[Task description] Leave the pictures aside and give back every entry below word for word.

——

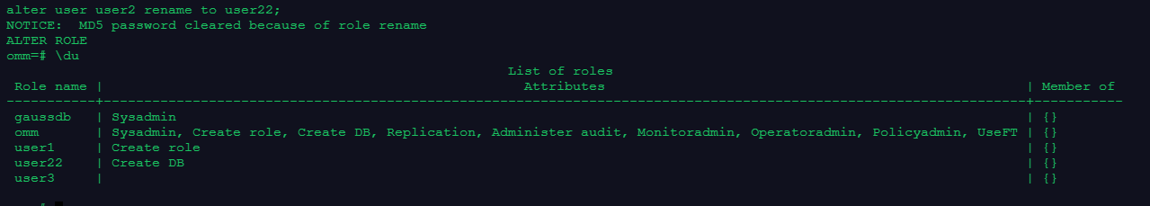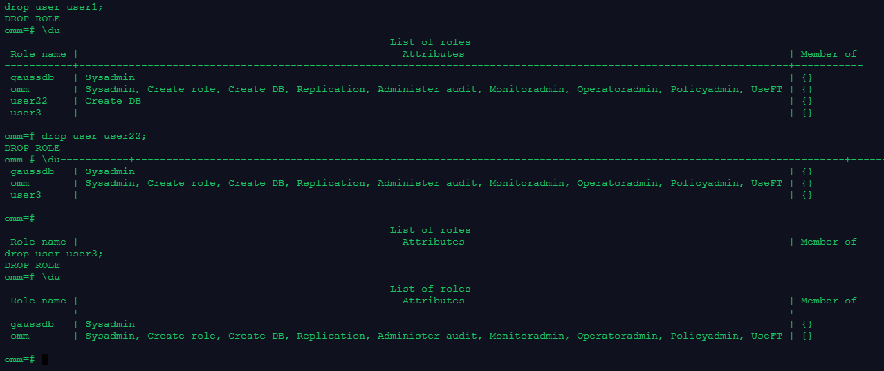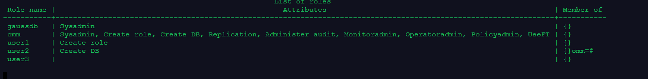 1.创建用户user1、user2和user3,user1具有CREATEROLE权限,user2具有CREATEDB权限,要求使用两种不同的方法设置密码
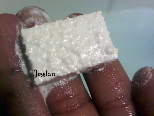 Sulle dita mi è rimasta una patina bianchissima, morbida e profumata! L’unica funzione di questa tab è quella di profumarvi l’acqua, perché non generando schiuma non può servire per lavarsi!
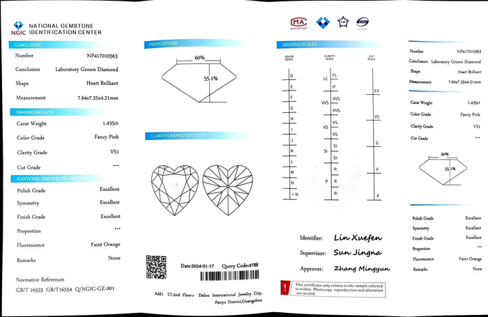 NGIC Certificate #: NP417010363(We will ship the lab-grown diamond to you along with the NGIC certificate. You can scan the barcode on the report to access the third party certificate.)
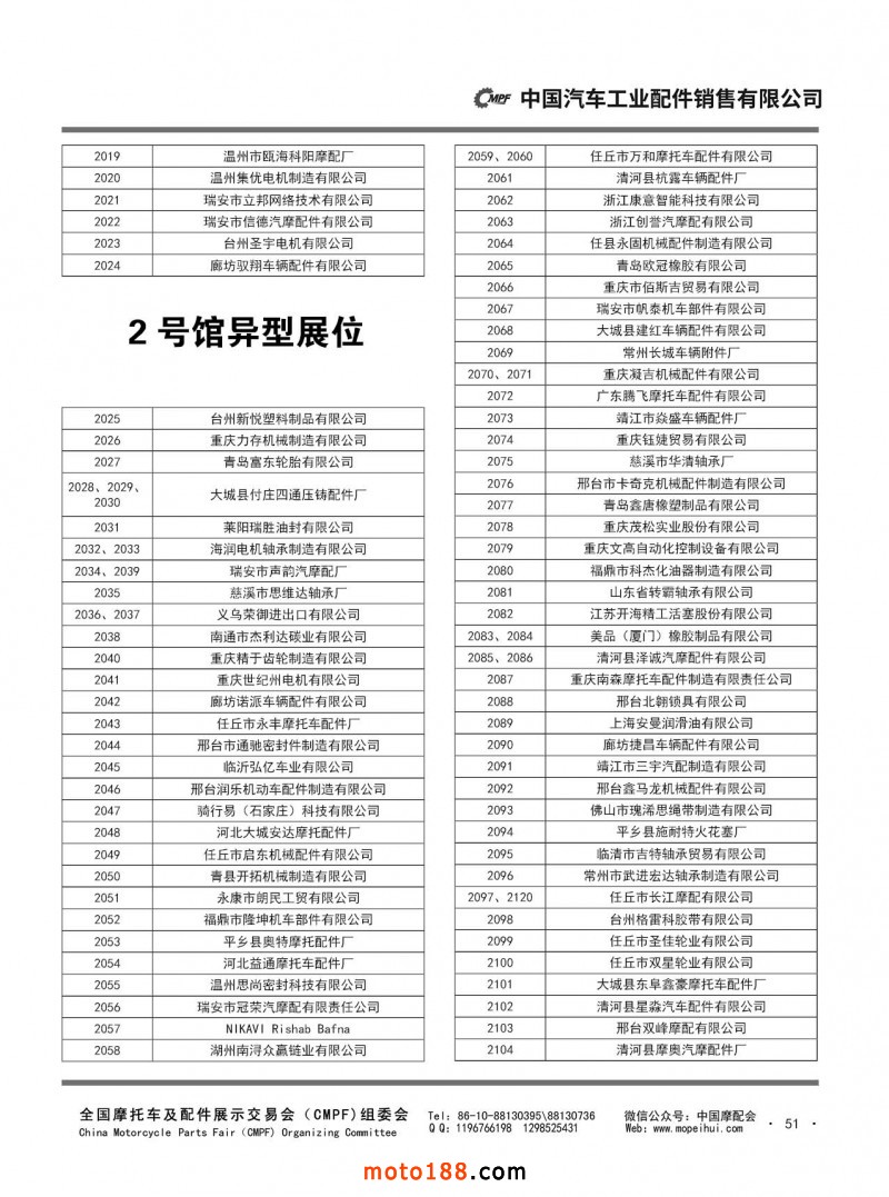 內(nèi)46-55 第87屆(2024春)全國摩托車及配件展示交易會-石家莊站參展單位名錄
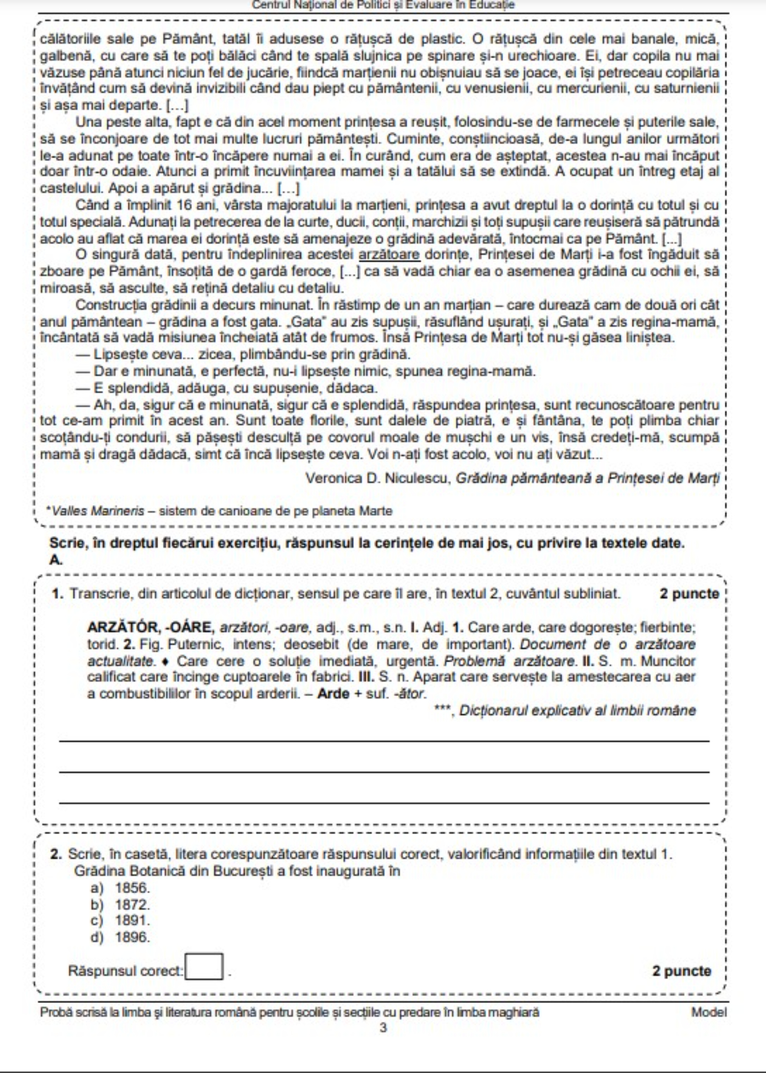 3 din 8 | Edu.ro Subiecte Română Evaluare Națională 2023. Ce subiecte ar putea pica?
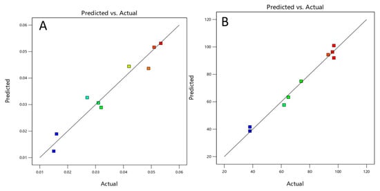 In this section, statistical methods are applied to find the optimal synthesis parameters leading to a TiO2 photocatalyst with the highest performance regarding DCF decay and mineralization. Using the optimal custom design model Version 13.0.5.0, the synthesis temperature and the calcination temperature were used as input variables (A) and (B), respectively. Four different models were applied, but only the quadratic model fit the pseudo-first-order DCF degradation rate and TOC removal, as shown in Tables S1 and S2, respectively. Statistic parameters obtained from data fitting for the quadratic model are summarized in Table 3. For the pseudo-first-order DCF degradation rate, the predicted R2 (0.440) is relatively low compared to the adjusted R2 of 0.877, i.e., the difference is greater than 0.2. Such a difference might result from large block effects [37]. The Adeq precision value (10.101), which measures the signal to noise ratio, is higher than 4, indicating an adequate signal [37]. For TOC removal, the predicted R2 of 0.831 is still in reasonable agreement with the adjusted R2 of 0.955, i.e., the difference is less than 0.2, the Adeq precision value (the signal to noise ratio) is 14.846, indicating an adequate signal for this parameter as well. The statistic parameters indicate that the quadratic model can predict both parameters inside the chosen region.
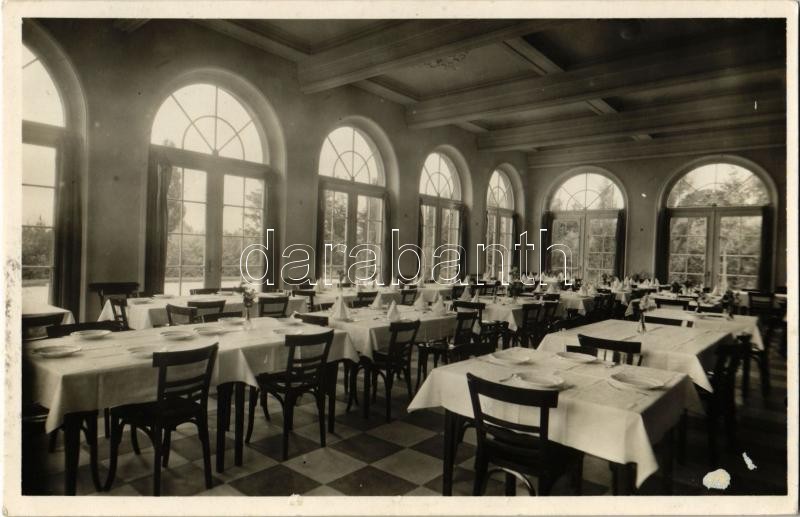 Leírás: 1935 Balatongyörök, Belügyminiszteri számvevőségi üdülőház, étterem, belső
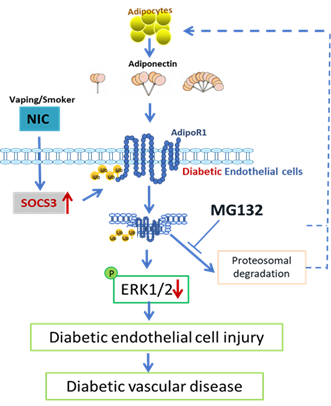 脂联素(adiponectin,APN)是一种新型的脂肪因子,被称为“脂肪细胞产生的胰岛素”。最重要的是,脂联素是维持胰岛素反应性的必要分子。由于新的证据证明APN具有抗糖尿病和心血管保护作用,我们推测APN可能与尼古丁导致的糖尿病血管之间存在联系。脂联素抵抗是指在代谢活跃的器官,包括脂肪细胞、骨骼肌、肝脏和心脏对APN的生物反应降低。我们课题组之前的研究已经证明高脂饮食可导致血管APN抵抗,但很少有报告显示尼古丁是否能够引起血管脂联素抵抗。
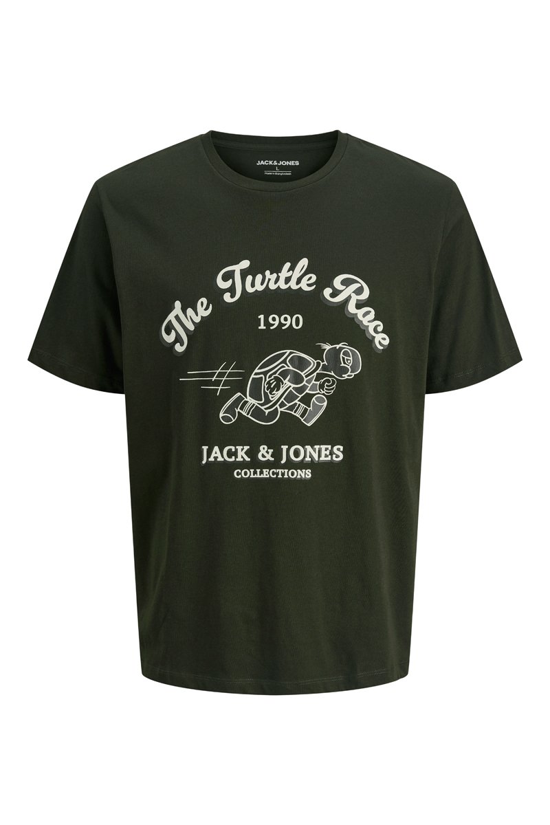 Chiffres, lettrage, motif tortue et logo devant.
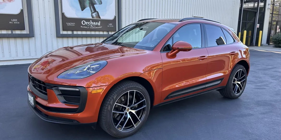 This 2023 Porsche Macan is finished in Papaya Metallic over Black leather with Papaya stitching, and it was ordered with the Premium Plus and Leather packages as well as a panoramic sunroof, 20″ Macan S wheels, heated and ventilated front seats, a surround-view camera, adaptive cruise control, and LED headlights...
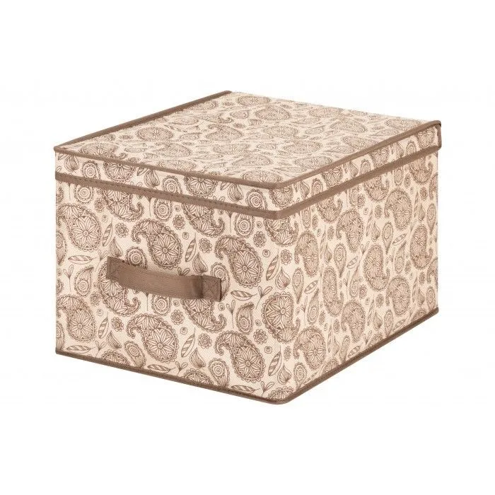 Короб складной для хранения "Пейсли бежево-коричневый", 30*40*25 см, с ручкой (стенки и дно плотные), с крышкой, состав - высококачественный нетканый
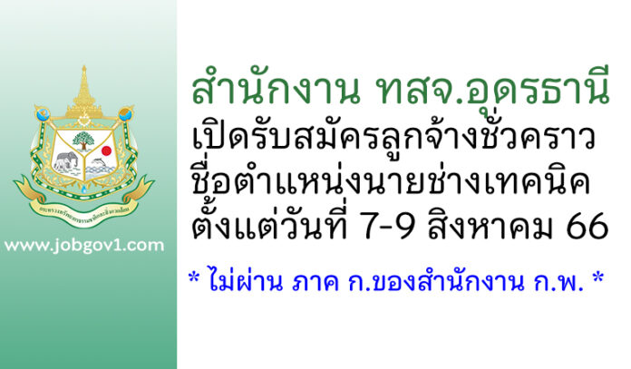 สำนักงาน ทสจ.อุดรธานี รับสมัครลูกจ้างชั่วคราว ตำแหน่งนายช่างเทคนิค ตั้งแต่วันที่ 7-9 สิงหาคม 2566
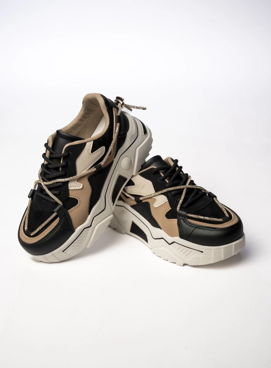 VEYRA BLACK  to wyjątkowe sneakersy, które łączą sportowy styl z odważnym designem. Kontrastowe panele w odcieniach czerni i beżu, ozdobne złote sznurowadła oraz masywna podeszwa sprawiają, że te buty przyciągają wzrok i dodają charakteru każdej stylizacji. Dzięki ergonomicznemu kształtowi i solidnej amortyzacji są idealnym wyborem na co dzień.
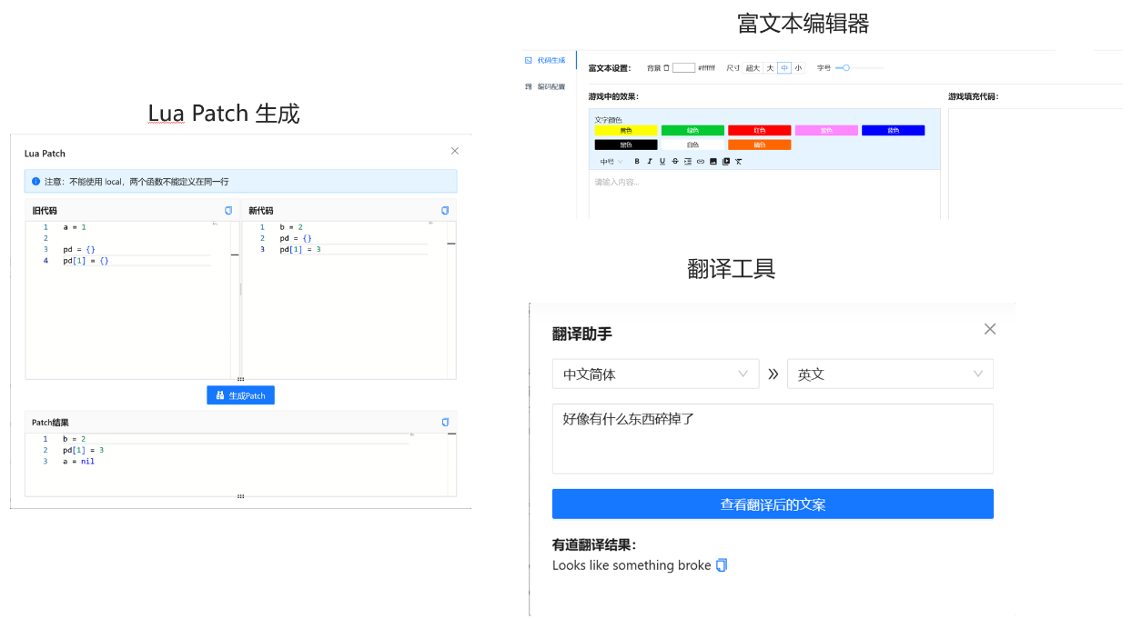 Lua Patch 生成、富文本编辑、数据热更都被纳入到平台的能力中。

——

[Problem solution]
 1.创建用户user1、user2和user3,user1具有CREATEROLE权限,user2具有CREATEDB权限,要求使用两种不同的方法设置密码
 Sulle dita mi è rimasta una patina bianchissima, morbida e profumata! L’unica funzione di questa tab è quella di profumarvi l’acqua, perché non generando schiuma non può servire per lavarsi!
 NGIC Certificate #: NP417010363(We will ship the lab-grown diamond to you along with the NGIC certificate. You can scan the barcode on the report to access the third party certificate.)
 內(nèi)46-55 第87屆(2024春)全國摩托車及配件展示交易會-石家莊站參展單位名錄
 3 din 8 | Edu.ro Subiecte Română Evaluare Națională 2023. Ce subiecte ar putea pica?
 In this section, statistical methods are applied to find the optimal synthesis parameters leading to a TiO2 photocatalyst with the highest performance regarding DCF decay and mineralization. Using the optimal custom design model Version 13.0.5.0, the synthesis temperature and the calcination temperature were used as input variables (A) and (B), respectively. Four different models were applied, but only the quadratic model fit the pseudo-first-order DCF degradation rate and TOC removal, as shown in Tables S1 and S2, respectively. Statistic parameters obtained from data fitting for the quadratic model are summarized in Table 3. For the pseudo-first-order DCF degradation rate, the predicted R2 (0.440) is relatively low compared to the adjusted R2 of 0.877, i.e., the difference is greater than 0.2. Such a difference might result from large block effects [37]. The Adeq precision value (10.101), which measures the signal to noise ratio, is higher than 4, indicating an adequate signal [37]. For TOC removal, the predicted R2 of 0.831 is still in reasonable agreement with the adjusted R2 of 0.955, i.e., the difference is less than 0.2, the Adeq precision value (the signal to noise ratio) is 14.846, indicating an adequate signal for this parameter as well. The statistic parameters indicate that the quadratic model can predict both parameters inside the chosen region.
 Leírás: 1935 Balatongyörök, Belügyminiszteri számvevőségi üdülőház, étterem, belső
 脂联素(adiponectin,APN)是一种新型的脂肪因子,被称为“脂肪细胞产生的胰岛素”。最重要的是,脂联素是维持胰岛素反应性的必要分子。由于新的证据证明APN具有抗糖尿病和心血管保护作用,我们推测APN可能与尼古丁导致的糖尿病血管之间存在联系。脂联素抵抗是指在代谢活跃的器官,包括脂肪细胞、骨骼肌、肝脏和心脏对APN的生物反应降低。我们课题组之前的研究已经证明高脂饮食可导致血管APN抵抗,但很少有报告显示尼古丁是否能够引起血管脂联素抵抗。
 Chiffres, lettrage, motif tortue et logo devant.
 This 2023 Porsche Macan is finished in Papaya Metallic over Black leather with Papaya stitching, and it was ordered with the Premium Plus and Leather packages as well as a panoramic sunroof, 20″ Macan S wheels, heated and ventilated front seats, a surround-view camera, adaptive cruise control, and LED headlights...
 Короб складной для хранения "Пейсли бежево-коричневый", 30*40*25 см, с ручкой (стенки и дно плотные), с крышкой, состав - высококачественный нетканый
 สำนักงาน ทสจ.อุดรธานี รับสมัครลูกจ้างชั่วคราว ตำแหน่งนายช่างเทคนิค ตั้งแต่วันที่ 7-9 สิงหาคม 2566
 VEYRA BLACK  to wyjątkowe sneakersy, które łączą sportowy styl z odważnym designem. Kontrastowe panele w odcieniach czerni i beżu, ozdobne złote sznurowadła oraz masywna podeszwa sprawiają, że te buty przyciągają wzrok i dodają charakteru każdej stylizacji. Dzięki ergonomicznemu kształtowi i solidnej amortyzacji są idealnym wyborem na co dzień.
 Lua Patch 生成、富文本编辑、数据热更都被纳入到平台的能力中。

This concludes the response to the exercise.